• 19 idleness day

    From MICHAEL LOO@1:123/140 to ALL on Thursday, September 26, 2019 09:07:48
    This meal was built around Chateau Montus 1993 (Madiran),
    the baby of that winemaker we mentioned before, Brumont.
    It's a superb wine made from the Tannat grape, famous for
    being hard to tame and making an everlasting wine. It had
    been demonstrated through this trip that cellaring wine in
    ideal conditions makes them close to as long-lived as we
    are, and this quarter-century old wine was still in its
    first youth, not yet smoothed out in middle age, but about
    ready to drink. With a big wine (the Tannat here is blended
    with Cabernet to milden it), red meat is the normal pairing,
    and Ian made 55 degree (131) lamb with madeira sauce. I was
    not quite in agreement with the cooking temperature, as the
    gristlier bits had just begun to denature and would have
    gone gooey and delicious at maybe 57. With normal cooking,
    the direct heat makes the edges go above that temperature,
    but with sous-vide, that never happens, so you get these
    strings which amuse me but aren't ideal for others. Madeira
    sauce was a brilliant if classic accompaniment; this would
    be one of the few situations where I'd have liked truffles,
    but it's not season for the best variety.

    Local new potatoes poached in stock were delicious, as much
    as potatoes can be, and green beans from the garden were
    done crisp-tender, sweet, and lovely.

    Dessert was red and white peaches from the garden in caramel
    syrup, perfectly simple, and as they say simply perfect.

    --

    I made omelet for breakfast; for me, they'd bought some pasta and
    a jar of Bolognaise sauce, so I borrowed some hot pepper from the
    main house and made myself capellini bolognaise piquante, using
    2/3 jarred red stuff and 1/3 butter into which I'd frizzled some
    garlic and hot pepper and almost evacuated the kitchen. The sauce
    was okay but sweetened in the American style and with a flavor
    reminiscent of Spam, so I added still more peppers. It did the job.

    Not much going this day. Lilli was feeling peaked, and our modus
    operandi seemed to be one day on and one day off, so we didn't
    do much this day.

    In the evening, after being amused with beer and the Internet (and
    for me, getting a connection to Doc's), Swisher and I went back to
    the main house for cocktails and dinner. More of that local Coteaux
    de Glanes, available in red, pink, and white, followed by Cajun meat
    loaf from an echo recipe with "very hot" sauce. It was good in the
    mildly ketchuped standard way, improved by Ian's using a superior
    ketchup, either artisanal or made by himself. It was mildly spicy,
    with the very hot sauce adding just enough but not very very.

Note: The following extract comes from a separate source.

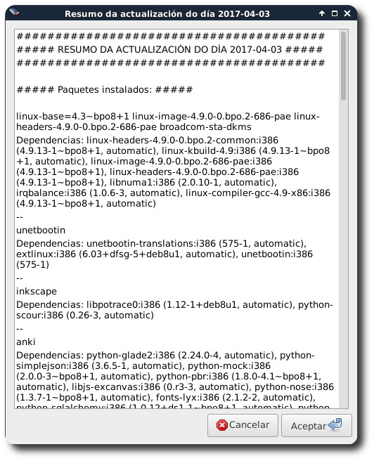 - A través da opción Mostrar resumo poderemos visualizar os cambios que se realizaron nas aplicacións do noso equipo, aparecendo unha ventana semellante á seguinte:

    Mash, again local potatoes, went very well, as did sweet and tender
    steamed broccoli from the garden.

    Today's wine was Chateau Ksara Reserve du Couvent 2007, a slightly cooked-tasting Cabernet with pruny and coffee-chocolate notes, When
    Ian said that he was pulling one of the top Lebanese wines, I was
    hoping for Musar, but this proved to be almost as eminent at a
    fraction of the price. It had a big palate and a big finish and
    stood up to spicy food, which Musar probably wouldn't have.

    Dessert was Victoria sandwich - an old recipe featuring layers of
    a moist sponge with buttercream and strawberry jam. Nice; I had
    the classic accompaniment of tea with this.